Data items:
______________________________

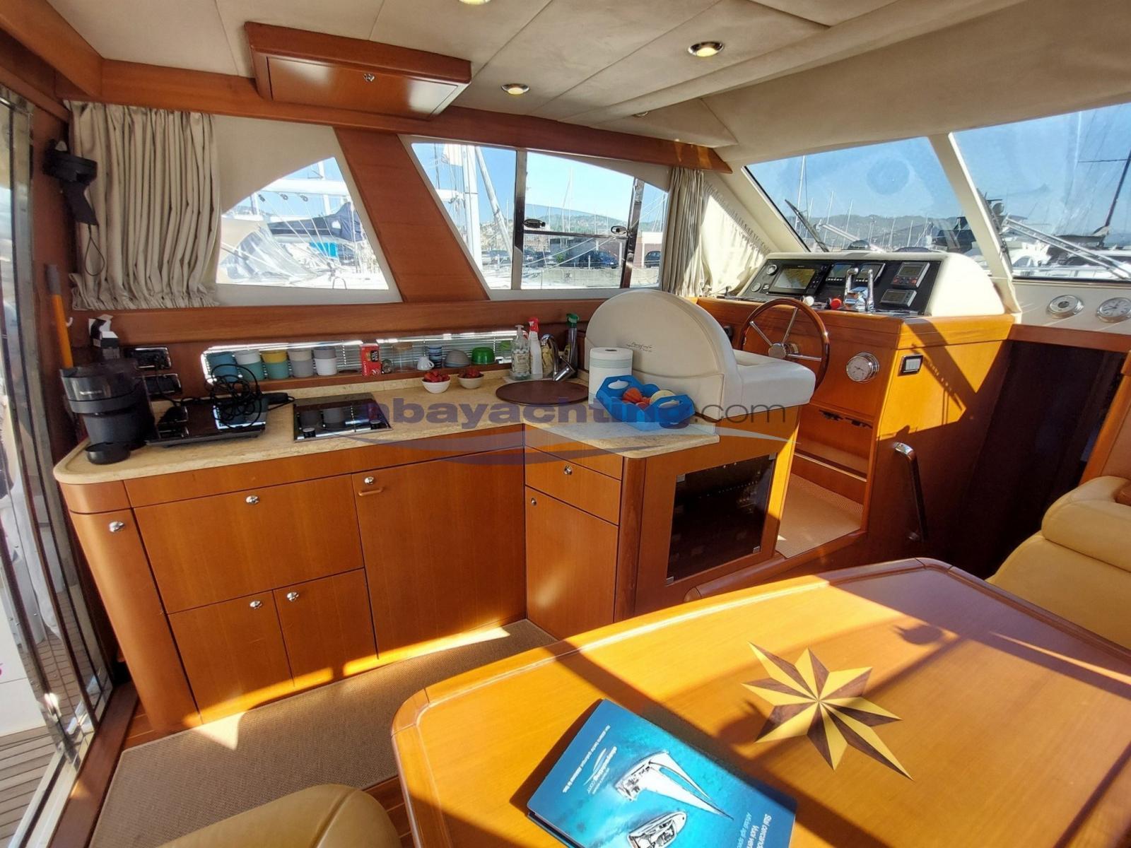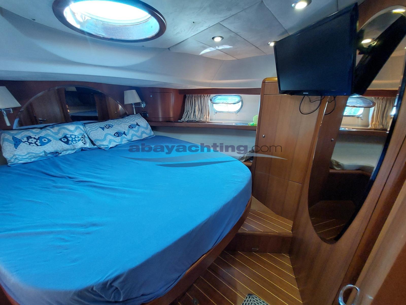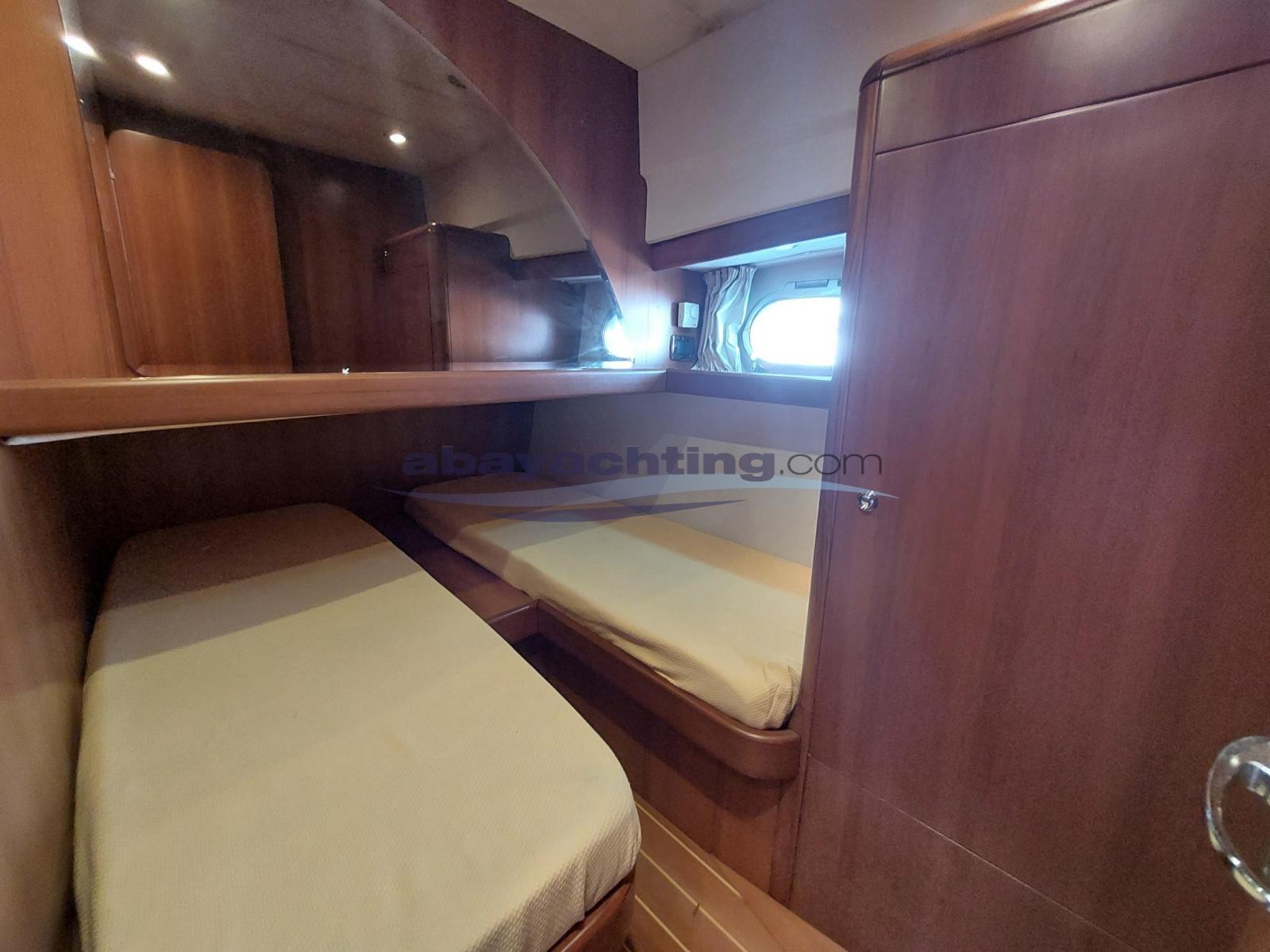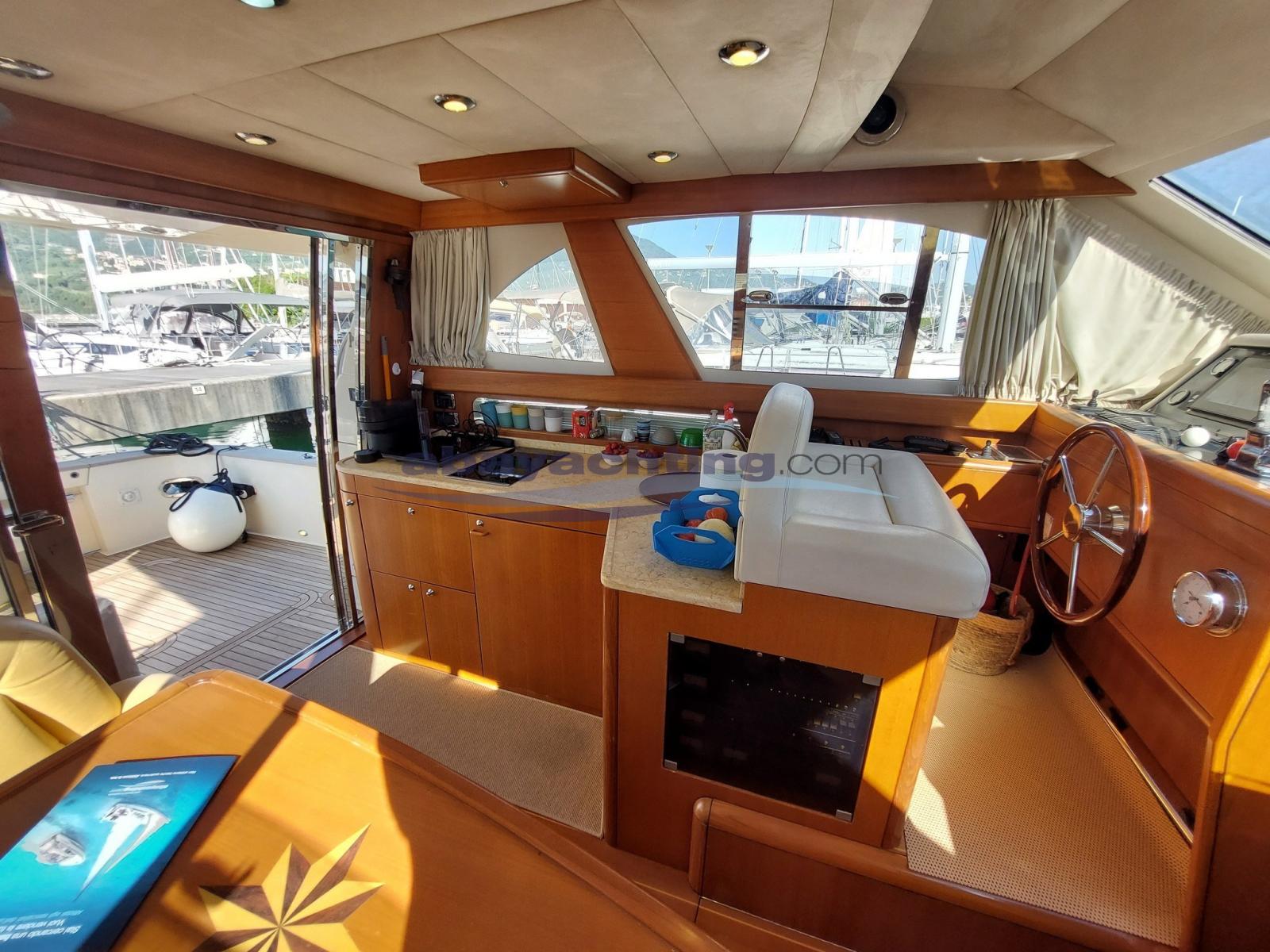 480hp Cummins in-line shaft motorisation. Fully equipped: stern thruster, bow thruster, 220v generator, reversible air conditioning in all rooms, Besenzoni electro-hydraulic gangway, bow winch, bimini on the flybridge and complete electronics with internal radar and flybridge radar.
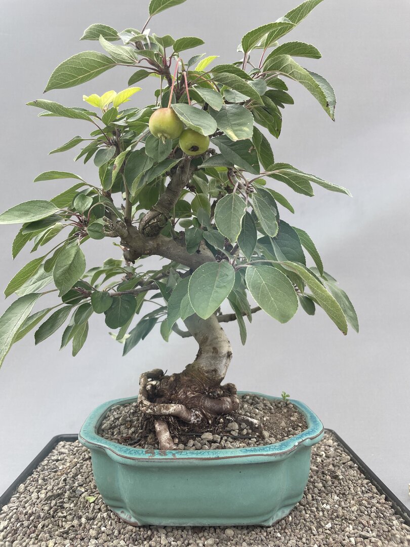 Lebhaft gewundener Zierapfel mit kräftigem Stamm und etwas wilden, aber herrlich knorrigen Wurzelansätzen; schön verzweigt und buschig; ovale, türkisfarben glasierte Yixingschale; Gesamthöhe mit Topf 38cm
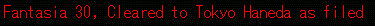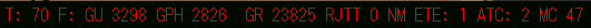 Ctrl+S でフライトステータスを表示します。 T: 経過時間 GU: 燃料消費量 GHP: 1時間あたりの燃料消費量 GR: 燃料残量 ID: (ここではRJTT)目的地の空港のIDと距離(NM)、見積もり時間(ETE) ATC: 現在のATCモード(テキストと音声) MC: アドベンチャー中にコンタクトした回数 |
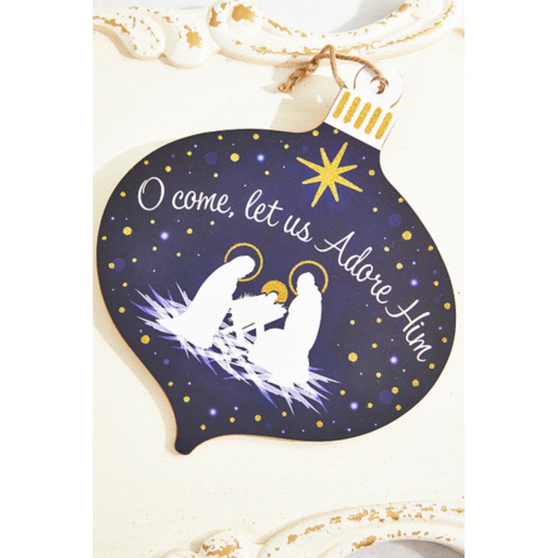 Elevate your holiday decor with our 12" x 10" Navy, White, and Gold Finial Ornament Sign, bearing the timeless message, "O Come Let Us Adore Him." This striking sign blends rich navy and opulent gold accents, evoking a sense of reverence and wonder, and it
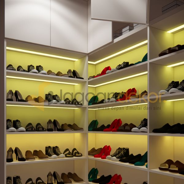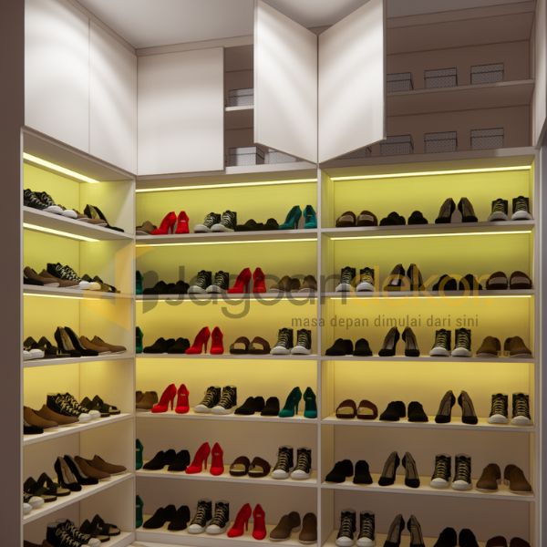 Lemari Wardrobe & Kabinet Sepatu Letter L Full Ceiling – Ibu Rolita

______________________________

* Assigned task: Look above for the line with "Lebhaft gewundener Zierapfel", then print it and each line after it down to and including the line with "Ctrl+S でフライトステータスを表示します。 T: 経過時間". Leave out the pictures and keep the wording exact.

* Solution for this exercise:
 Lebhaft gewundener Zierapfel mit kräftigem Stamm und etwas wilden, aber herrlich knorrigen Wurzelansätzen; schön verzweigt und buschig; ovale, türkisfarben glasierte Yixingschale; Gesamthöhe mit Topf 38cm
 Ctrl+S でフライトステータスを表示します。 T: 経過時間 GU: 燃料消費量 GHP: 1時間あたりの燃料消費量 GR: 燃料残量 ID: (ここではRJTT)目的地の空港のIDと距離(NM)、見積もり時間(ETE) ATC: 現在のATCモード(テキストと音声) MC: アドベンチャー中にコンタクトした回数 |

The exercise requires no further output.